We are, and will be, paying tens of millions of dollars a month for LRT and other P3 contracts until well into 2050. Is this the best choice? Have we received good value for our investment? Research on the important Value-for-Money analysis by Simon Enoch in the Canadian Centre for Policy Alternatives suggests that this isn’t always the case. Similar research by Matti Siemiatycki and Naeem Farooqui makes the argument that P3 projects are politically favorable but overvalue the extent to which risk can be transferred.

By harnessing local talent and expertise, we could create better results and save money in the long run.

Lansdowne Phase 1 lacks sufficient housing density and has poor transit access. That the stadium needs replacing should not be a surprise to anyone. Numerous subcontractors to Lansdowne Phase 1 went bankrupt or lost significant amounts of money due to contractual disputes.

We should be making an investment in Lansdowne: a streetcar from downtown to Billings Bridge would create more sustainable options to get around, better transit and support small businesses in the core of the city. That could spur private and public sector investment in housing and other businesses.

Research, such as that published by the Berkely Economic Review, suggests that public financing of stadiums is expected to yield economic benefits that justify the investment. The Berkeley Report references another study that is worth considering: “…a study by Noll and Zimbalist on newly constructed subsidized stadiums shows that they have a very limited and possibly even negative local impact. This is because of the opportunity cost…. Spending $700 million in areas like education or housing could have long-term positive consequences with the potential for long-term increases in the standard of living and economic growth.”

We need to have a difficult conversation about where we invest and how public dollars can have the biggest impact. Its in the public interest that this be right, fair, and equitable.

Our municipal cultural scene has huge potential. Leaving aside the heavy lifting the federal government provides for Tulip Festival, Winterlude and the federal museums and galleries, our ByWard Market remains a strong tourist destination, as does the Ottawa Art Gallery, local music festivals like CityFolk, BluesFest and other cultural events that celebrate the diversity and culture of Ottawa.

The most recent iteration of a plan for the ByWard Market was at least the fourth plan in the last decade. None of the previous plans were implemented. The current plan, approved by council in February 2021, cost the City $650,000 and implementation of the $129 million project is unfunded. It is contingent on a P3 for the anchor destination, acknowledging a once in a generation opportunity to create an iconic destination building, but proposes no ideas for what to build. There remains no funding for the balance of infrastructure in the proposed plan.

Discussions about the ByWard Market inevitably leads to discussions about housing and the urgent need to address a crisis in both the unhoused and, more broadly, in the affordable housing sector. We have numerous vacant and derelict properties in our city that could be developed. Our municipal budget for affordable housing is a fraction of our budget for roads (let alone our budget overall) and the waitlist for housing is growing year by year.

We should be investing in the ByWard Market as a key part of our municipal strategy to create a thriving livable city.

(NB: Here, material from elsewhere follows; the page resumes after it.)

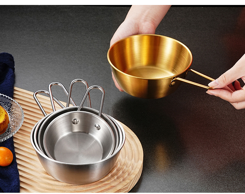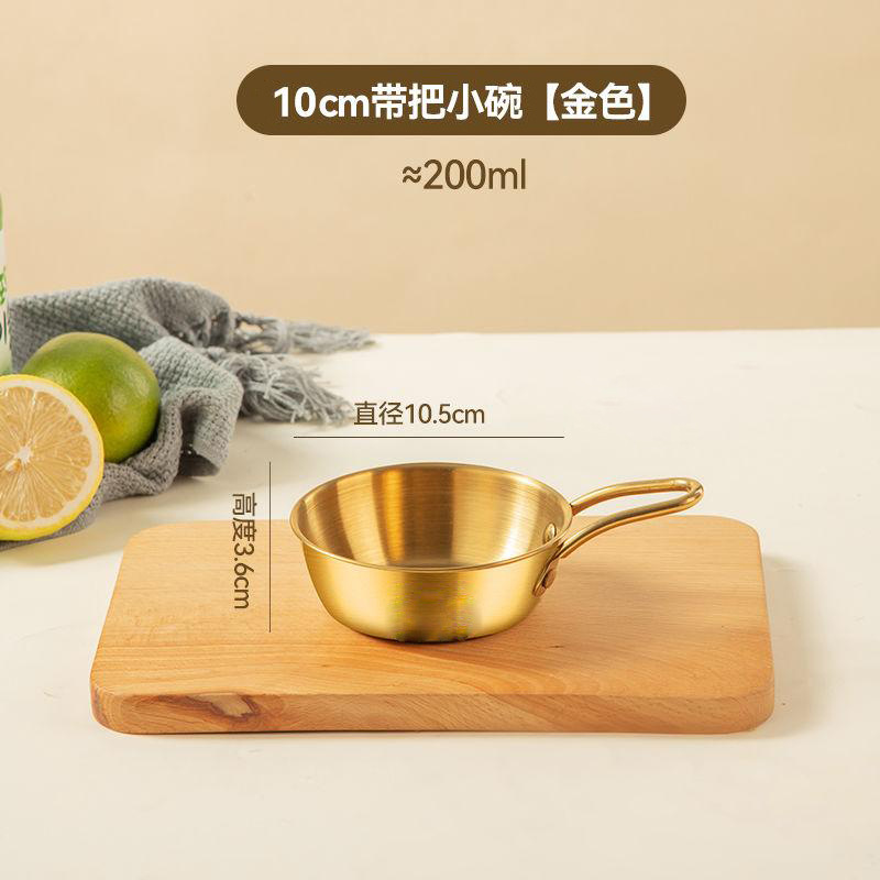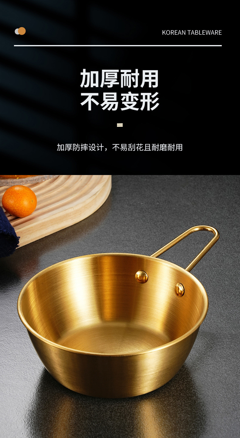 韩式金色米酒碗316不锈钢碗带把手小吃碗韩餐料理店专用碗调料碗

It is an ideal location for design leadership, public and private investment and harnessing local talent.

We need to have a difficult conversation about who we are building our city for and how we fund those things that a city should provide for its most vulnerable residents.

If our goals are to be a sustainable, equitable city, we need our budget to reflect that. We need to fund transit and make much more significant investments in housing and healthcare. We need to address the quality of public buildings and parks our ancestors invested in before we borrow more from our grandchildren.

We can have nice things; we just need to be prepared to be honest with ourselves about how we pay for them.